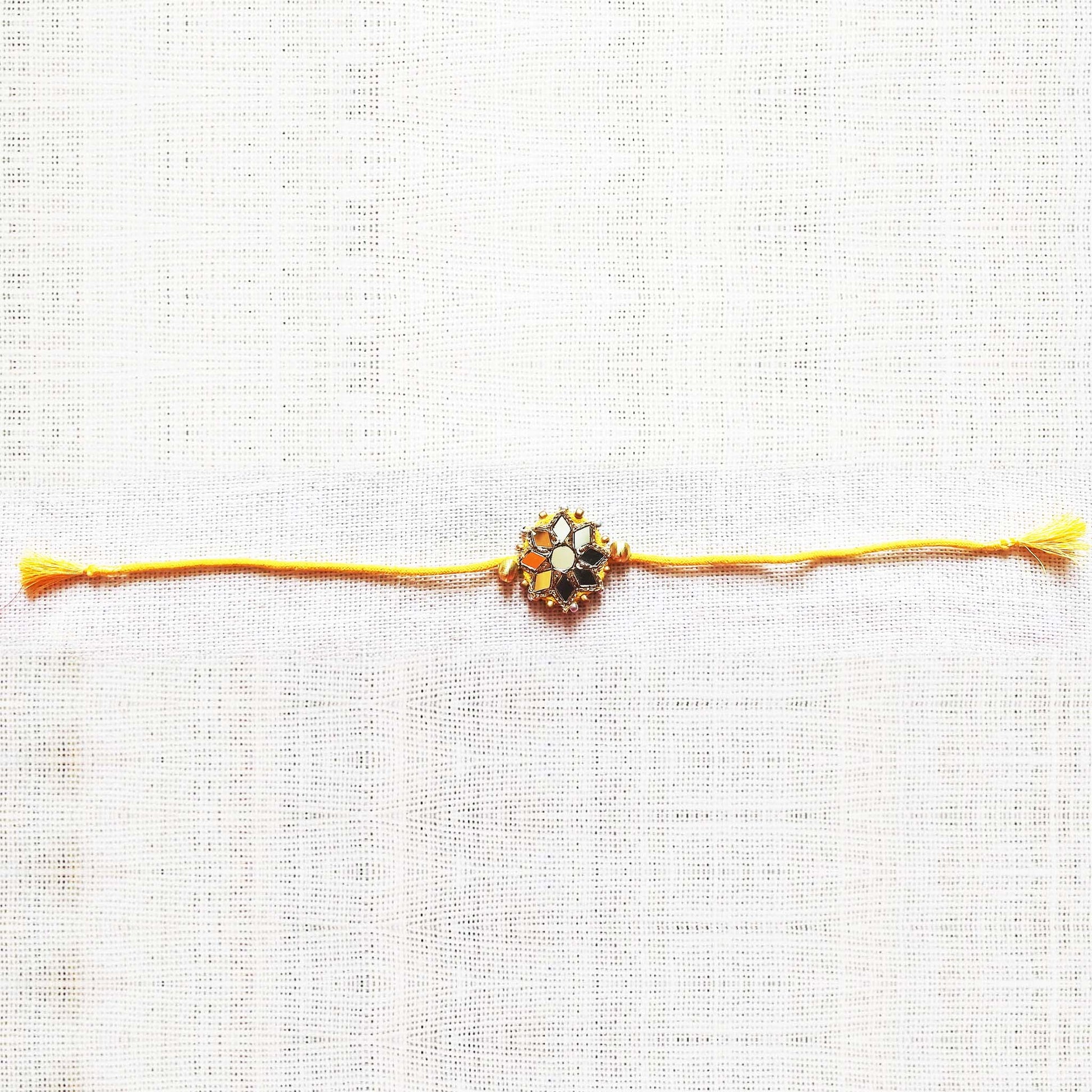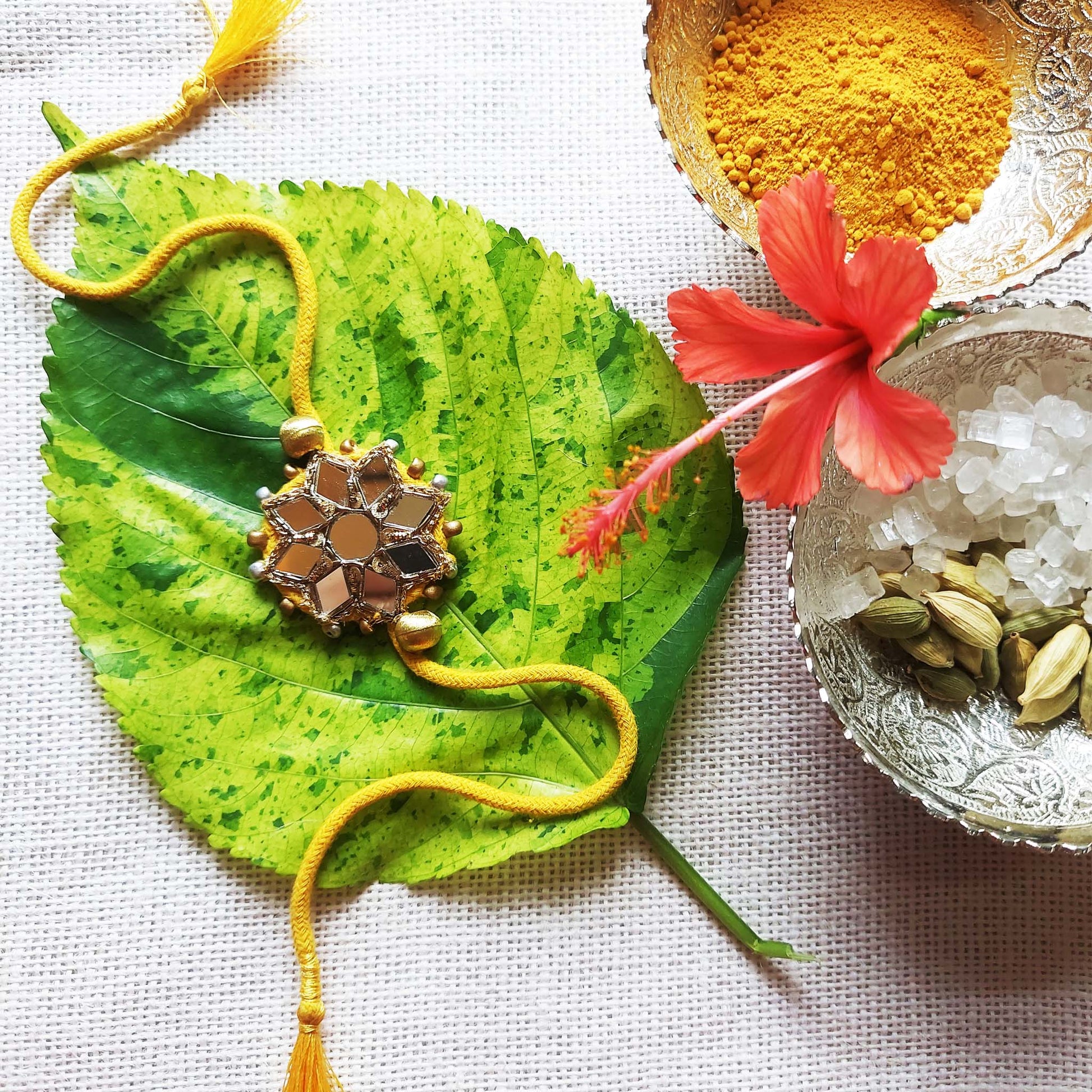 Sitara Rakhi made using age old technique of mirrorwork, adorned with beads and pompoms. A truly Royal Rakhi.
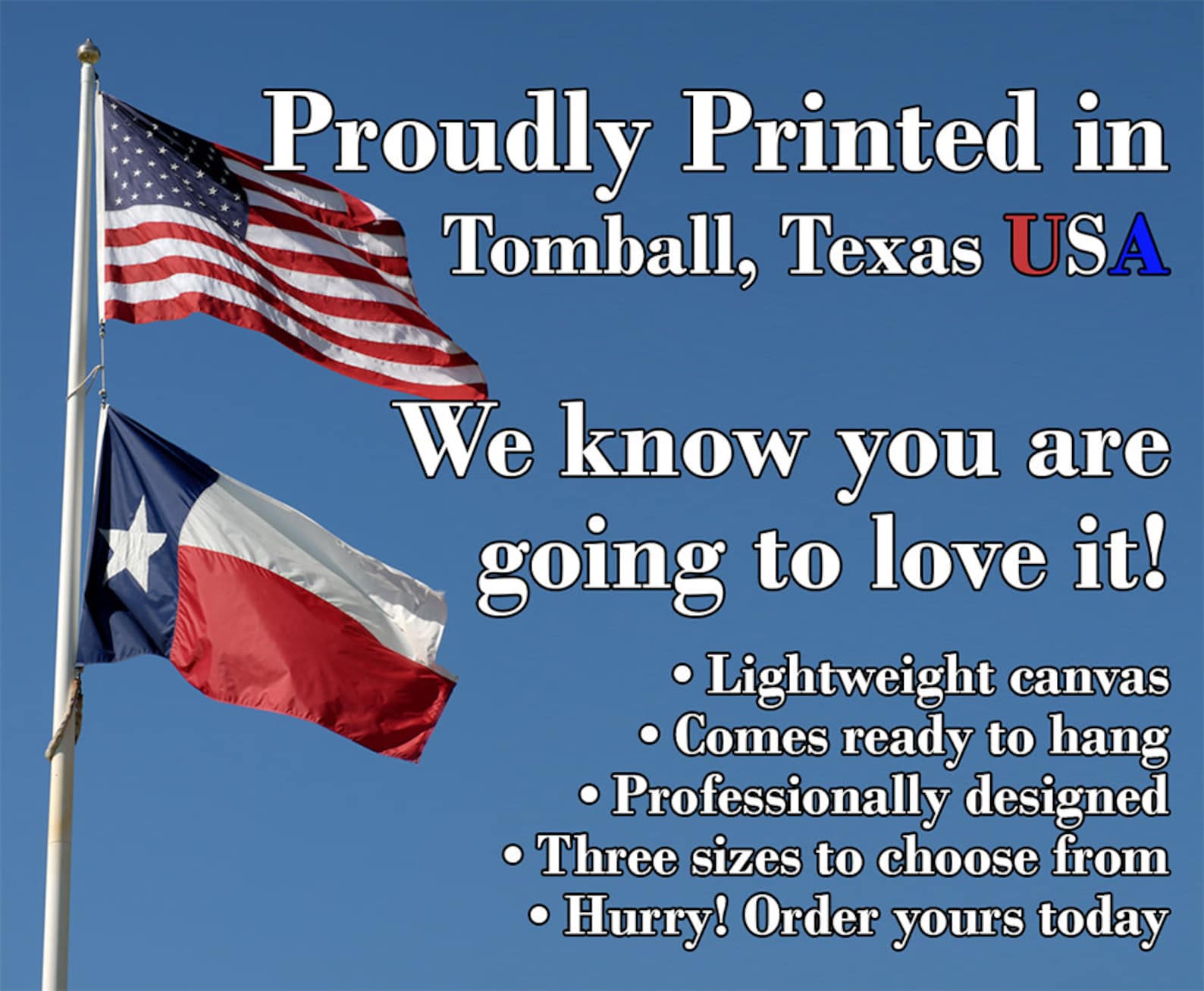MADE IN AMERICA – All our canvas artwork is hand-stretched by our employees in Tomball, Texas. We take pride in doing the work here and doing it right.
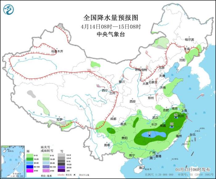 4月14日08時(shí)至15日08時(shí),內(nèi)蒙古東南部和中部、新疆北疆北部、西藏南部和西部等地部分地區(qū)有小雪或雨夾雪。吉林東部、西南地區(qū)東南部、黃淮東部、江淮西部、江南、華南大部等地部分地區(qū)有小到中雨,其中,湖南南部、江西中南部、福建西北部等地部分地區(qū)有大雨(25~45毫米)。內(nèi)蒙古大部、西北地區(qū)中東部、華北、黃淮等地部分地區(qū)有4~6級(jí)風(fēng),其中,甘肅河西部分地區(qū)有6~7級(jí)風(fēng)。東海北部海域?qū)⒂?~7級(jí)、陣風(fēng)8級(jí)的東南風(fēng)轉(zhuǎn)西南風(fēng)。
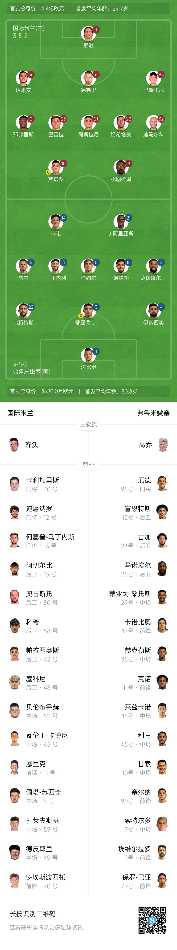 国米首发:1-索默、2-邓弗里斯、36-达米安、6-德弗里、95-巴斯托尼、32-迪马尔科、23-巴雷拉、21-阿斯拉尼、22-姆希塔良、9-图拉姆、10-劳塔罗
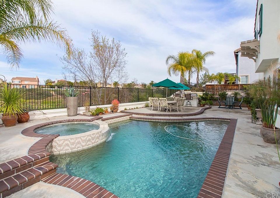 Remarkable Redhawk home in gated Fairways overlooking the 6th green. Hurry, this one will go fast. It's absolutely turnkey with attention to detail very apparent. A low maintenance backyard showcases beautiful custom concrete design around a lovely salt cell pool/spa with water feature! Tropical & low maintenance plants, built-in Bull BBQ with gas line to house and breathtaking views including a hot air balloon extravaganza every weekend to enjoy! Excellent curb appeal welcomes you into a covered circular front door entry. Step inside and admire a formal living and dining room. Crown molding throughout! A downstairs office plus full bath makes the layout highly desirable. An exceptional kitchen offers granite counters, island with storage, built-in desk, stainless steel appliances & tile flooring. Enjoy relaxing in the family room off the kitchen with custom built-in media unit, ceiling fan, fireplace, recessed lighting + surround sound. As you enter the master suite you will immediately admire the views! Other features include dual sinks, separate tub/shower, ceiling fan, and incredible walk-in closet with custom built-ins! Secondary bedrooms have mirrored closet doors and neutral carpet/paint. Upstairs laundry, 3-car garage & top rated schools! Must see!
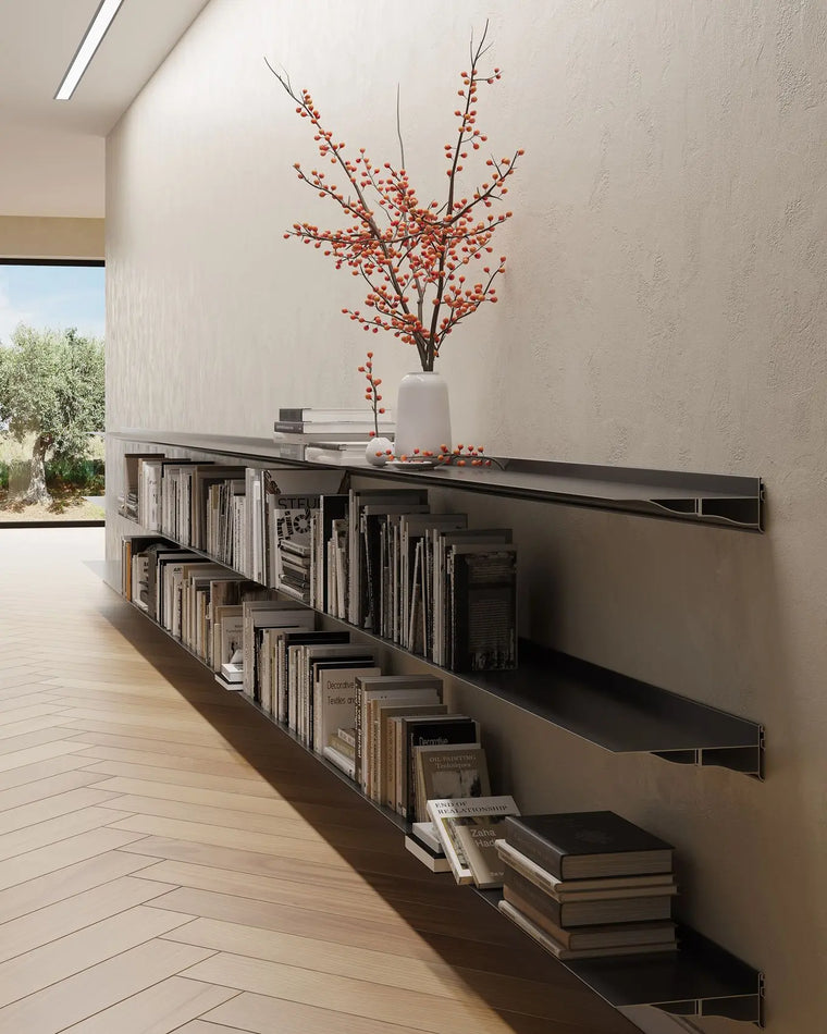 Oscar Tusquets and Lluís Clotet created the Cornisa in 1979. It is one of their most versatile, timeless and simple designs. The thin cornice lines? They are referential, and keep the structure slick. The Cornisa was inspired by the 1973 Hialina shelf. It is witty and postmodern (much like Clotet and Tusquets), floating in space while referencing a classic concept: a cornice. The two designers created the shelf in 1970. Its functionality and simplicity maintain its relevance across different settings on an individual and ergonomic level. Available in a narrow and wide style, the shelf can reach lengths of up to two and a half metres.
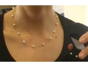 An 18" 14kt white gold pearl necklace, 5.0 mm white cultured pearl earrings with 14kt gold posts and a gift certificate for $25 at Trillium.
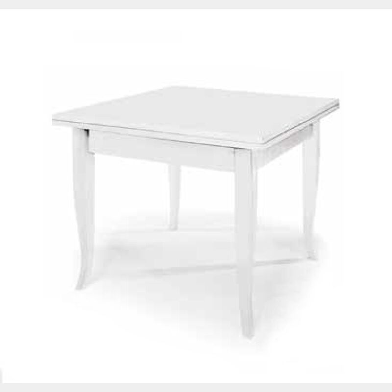 Tavolo 80x80 cm in legno, bianco opaco, arte povera - apertura a libro
------------------------------------------------------------------------
### Your instructions
Restate the entries verbatim and exclude any pictures.

### Answer area
 Sitara Rakhi made using age old technique of mirrorwork, adorned with beads and pompoms. A truly Royal Rakhi.
MADE IN AMERICA – All our canvas artwork is hand-stretched by our employees in Tomball, Texas. We take pride in doing the work here and doing it right.
 4月14日08時(shí)至15日08時(shí),內(nèi)蒙古東南部和中部、新疆北疆北部、西藏南部和西部等地部分地區(qū)有小雪或雨夾雪。吉林東部、西南地區(qū)東南部、黃淮東部、江淮西部、江南、華南大部等地部分地區(qū)有小到中雨,其中,湖南南部、江西中南部、福建西北部等地部分地區(qū)有大雨(25~45毫米)。內(nèi)蒙古大部、西北地區(qū)中東部、華北、黃淮等地部分地區(qū)有4~6級(jí)風(fēng),其中,甘肅河西部分地區(qū)有6~7級(jí)風(fēng)。東海北部海域?qū)⒂?~7級(jí)、陣風(fēng)8級(jí)的東南風(fēng)轉(zhuǎn)西南風(fēng)。
 国米首发:1-索默、2-邓弗里斯、36-达米安、6-德弗里、95-巴斯托尼、32-迪马尔科、23-巴雷拉、21-阿斯拉尼、22-姆希塔良、9-图拉姆、10-劳塔罗
 Remarkable Redhawk home in gated Fairways overlooking the 6th green. Hurry, this one will go fast. It's absolutely turnkey with attention to detail very apparent. A low maintenance backyard showcases beautiful custom concrete design around a lovely salt cell pool/spa with water feature! Tropical & low maintenance plants, built-in Bull BBQ with gas line to house and breathtaking views including a hot air balloon extravaganza every weekend to enjoy! Excellent curb appeal welcomes you into a covered circular front door entry. Step inside and admire a formal living and dining room. Crown molding throughout! A downstairs office plus full bath makes the layout highly desirable. An exceptional kitchen offers granite counters, island with storage, built-in desk, stainless steel appliances & tile flooring. Enjoy relaxing in the family room off the kitchen with custom built-in media unit, ceiling fan, fireplace, recessed lighting + surround sound. As you enter the master suite you will immediately admire the views! Other features include dual sinks, separate tub/shower, ceiling fan, and incredible walk-in closet with custom built-ins! Secondary bedrooms have mirrored closet doors and neutral carpet/paint. Upstairs laundry, 3-car garage & top rated schools! Must see!
 Oscar Tusquets and Lluís Clotet created the Cornisa in 1979. It is one of their most versatile, timeless and simple designs. The thin cornice lines? They are referential, and keep the structure slick. The Cornisa was inspired by the 1973 Hialina shelf. It is witty and postmodern (much like Clotet and Tusquets), floating in space while referencing a classic concept: a cornice. The two designers created the shelf in 1970. Its functionality and simplicity maintain its relevance across different settings on an individual and ergonomic level. Available in a narrow and wide style, the shelf can reach lengths of up to two and a half metres.
 An 18" 14kt white gold pearl necklace, 5.0 mm white cultured pearl earrings with 14kt gold posts and a gift certificate for $25 at Trillium.
 Tavolo 80x80 cm in legno, bianco opaco, arte povera - apertura a libro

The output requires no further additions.